- _Assignment_
Leave out the pictures and retype, exactly, the lines below from the line with "سیستم سرمایش و" up to and including the line with "TV3 RETRANSMETRÀ EL", nothing more.

START Data records

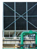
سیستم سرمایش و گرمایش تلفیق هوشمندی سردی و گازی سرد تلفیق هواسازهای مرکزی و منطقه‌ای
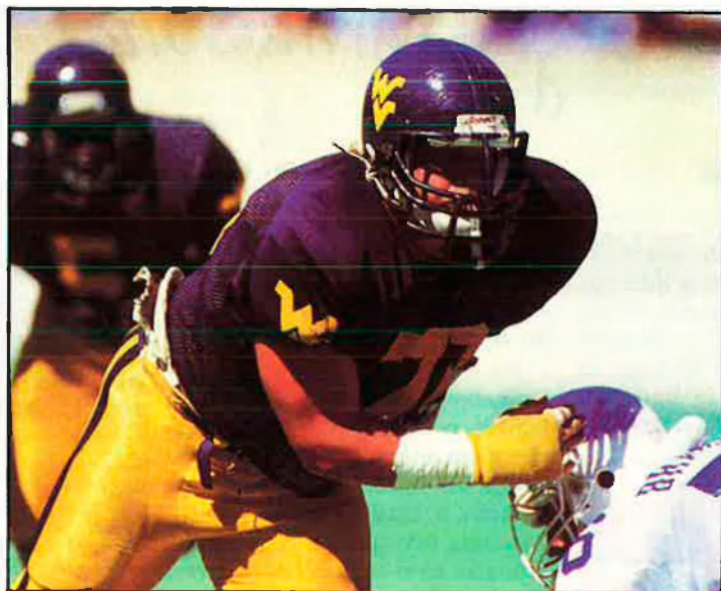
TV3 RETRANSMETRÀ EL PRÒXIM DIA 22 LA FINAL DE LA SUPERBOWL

END Data records
START Data records

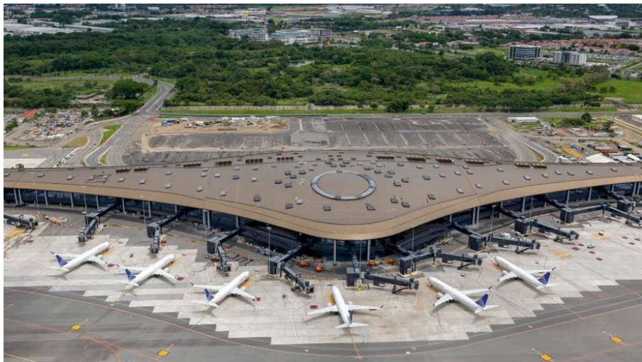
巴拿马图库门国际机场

END Data records

- _Response_
سیستم سرمایش و گرمایش تلفیق هوشمندی سردی و گازی سرد تلفیق هواسازهای مرکزی و منطقه‌ای
TV3 RETRANSMETRÀ EL PRÒXIM DIA 22 LA FINAL DE LA SUPERBOWL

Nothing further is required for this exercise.